If we query this model again, we can see how the measures are included in the SQL query:
# Recreate the registry with the updated model
registry = Registry()
registry.register(artifact_model)
# Query the model with the measure.
# This query will select the count of artifacts in a given source
count_query: QueryBuilder = registry.select(
"artifact.source",
"artifact.count"
)
print(count_query.sql(pretty=True))
The output of this query will look like this:
SELECT
artifact.artifact_source as artifact__source,
count(artifact.artifact_id) as artifact__count
FROM iceberg.oso.artifacts_v1 as artifact
GROUP BY 1
Much like, dimensions, measures can also be filtered on. For instance, if we wanted to only return artifact sources that have more than 100 artifacts, we could do the following:
count_query_with_filter: QueryBuilder = registry.select(
"artifact.source",
"artifact.count"
).where(
"artifact.count > 100"
)
print(count_query_with_filter.sql(pretty=True))
The generated SQL query will look like this:
SELECT
artifact.artifact_source as artifact__source,
count(artifact.artifact_id) as artifact__count
FROM iceberg.oso.artifacts_v1 as artifact
GROUP BY 1
HAVING count(artifact.artifact_id) > 100
Adding relationships to the artifact
model
Relationships are used to define how models relate to each other. This allows
the semantic layer to provide automatic joins between models when querying. In
order for this to work, we need to define the relationships between models and
classify them as either one_to_one
, one_to_many
or many_to_one
. Many to
many relationships are not explicitly modeled in the semantic layer but can be
represented by a join table that is defined as a model.
One potentially unintuitive aspect of the semantic layer is that relationships are defined in a single direction and this is strictly enforced by the model registry. This allows us to treat the entire semantic layer as a directed acyclic graph. References within a model can happen in any direction but we force the definition to define a direction of the relationship. This is currently a limitation of the semantic layer and could change in the future.

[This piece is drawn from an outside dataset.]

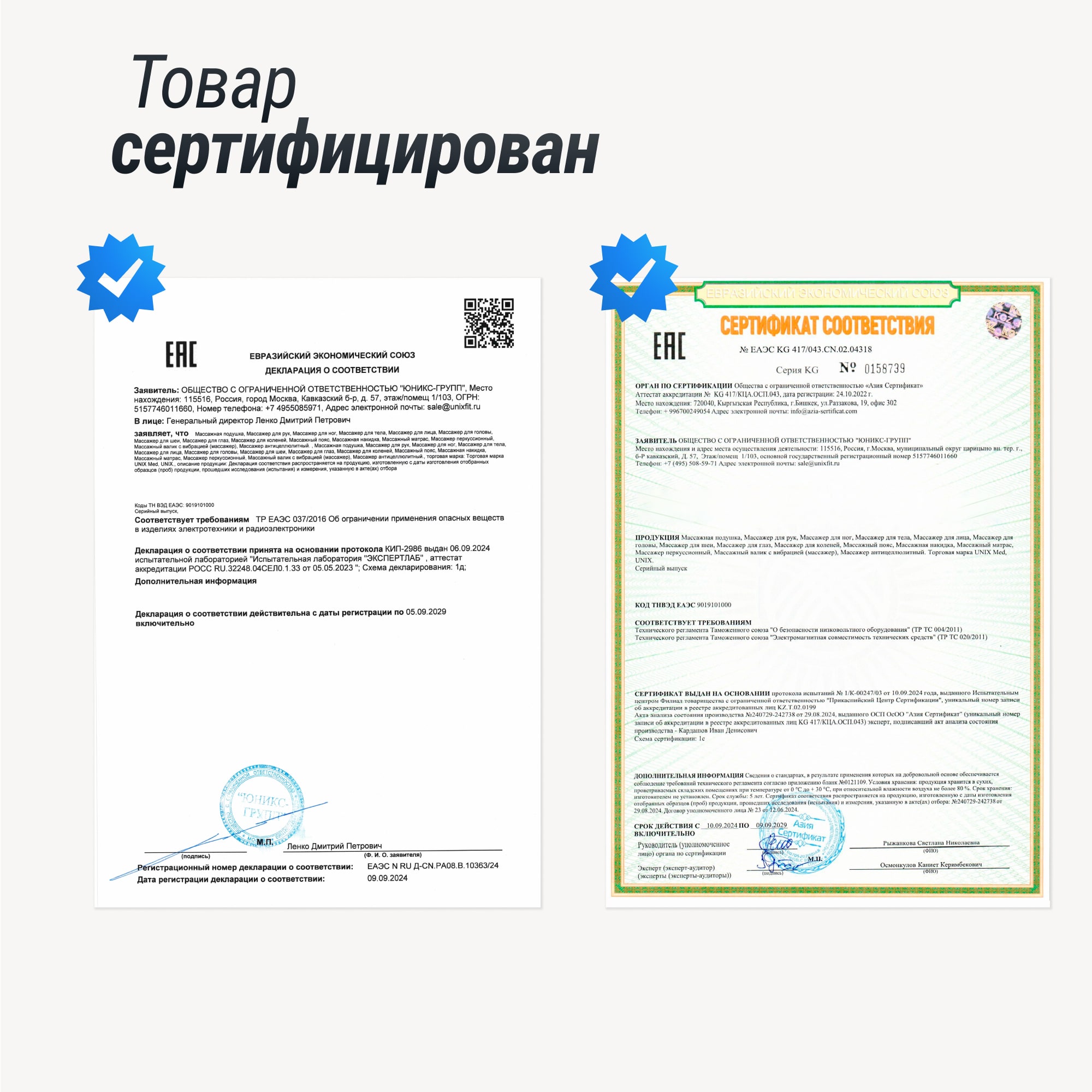 - Встроенные динамики позволят во время массажа слушать любимую музыку через Bluetooth со звуком Hi-Fi. Кресло позволяет синхронизировать вашу любимую музыку с массажным механизмом. Расслабьтесь под свою любимую музыку и получайте удовольствие с массажным креслом UNIX Med. Встроенная функция Bluetooth позволяет подключать ваше устройство и наслаждаться любимыми мелодиями или расслабляющими звуками природы во время массажа спины, ШВЗ (шейно-воротниковой зоны) или массажа ног. Создайте дома идеальную атмосферу для отдыха и восстановления сил!

Let's add a model to represent the project entity called project
and add the
relationships between the artifact
and project
models. Despite roughly
having a constraint that an artifact may only belong to a single project, the
data model is flexible enough to allow an artifact to be related to many
projects. For this reason, we model the artifact and project relationship as a
many to many relationship. This means we will also model the join table as a
model in the semantic layer.
from oso_semantic import Model, Dimension, Measure, Relationship
# Let's redefine the registry and include the models without using
# intermediate variables
registry = Registry()
registry.register(Model(
name="projects",
description="A project is a collection of artifacts",
primary_key="project_id",
dimensions=[
Dimension(
name="project_id",
description="Unique identifier for the project",
column_name="project_id",
),
Dimension(
name="project_name",
description="Name of the project",
column_name="project_name",
),
Dimension(
name="project_description",
description="Description of the project",
column_name="project_description",
),
],
))
register.register(Model(
name="artifacts_by_project",
table="iceberg.oso.artifacts_by_project_v1",
primary_key="artifact_id",
description="Join table between artifacts and projects",
dimensions=[
Dimension(
name="artifact_id",
description="Unique identifier for the artifact",
column_name="artifact_id",
),
Dimension(
name="project_id",
description="Unique identifier for the project",
column_name="project_id",
),
],
relationships=[
Relationship(
name="project",
ref_model="project",
type="many_to_one",
source_foreign_key="project_id",
ref_key="project_id",
)
]
))
registry.register(Model(
name="artifacts",
table="iceberg.oso.artifacts_v1",
primary_key="artifact_id",
dimensions=[
Dimension(
name="artifact_id",
description="Unique identifier for the artifact",
column_name="artifact_id",
),
Dimension(
name="artifact_name",
description="Name of the artifact",
column_name="artifact_name",
),
Dimension(
name="artifact_namespace",
description="Namespace of the artifact",
column_name="artifact_namespace"
),
Dimension(
name="artifact_source",
description="Source of the artifact",
column_name="artifact_source"
),
Dimension(
name="artifact_url",
description="URL of the artifact",
column_name="artifact_url"
),
],
measures=[
Measure(
name="count",
description="Count of artifacts",
query="count(self.id)",
),
],
relationships=[
Relationship(
name="by_project",
description="Relationship to the artifacts_by_project model",
ref_model="artifacts_by_project",
type="many_to_one",
source_foreign_key="artifact_id",
ref_key="artifact_id",
)
]
))
In this we have now defined the relationships between the artifacts
and the
projects
by mapping how the reference in one model translates to the referenced
model. The relationships themselves are not defined using model objects
explicity but rather reference models by names. This allows a more flexible way
to define each of the models. Once you start querying the models, however, the
registry is treated as immutable and the relationships are validated to ensure
that the model and any relationships are valid and do not have cycles.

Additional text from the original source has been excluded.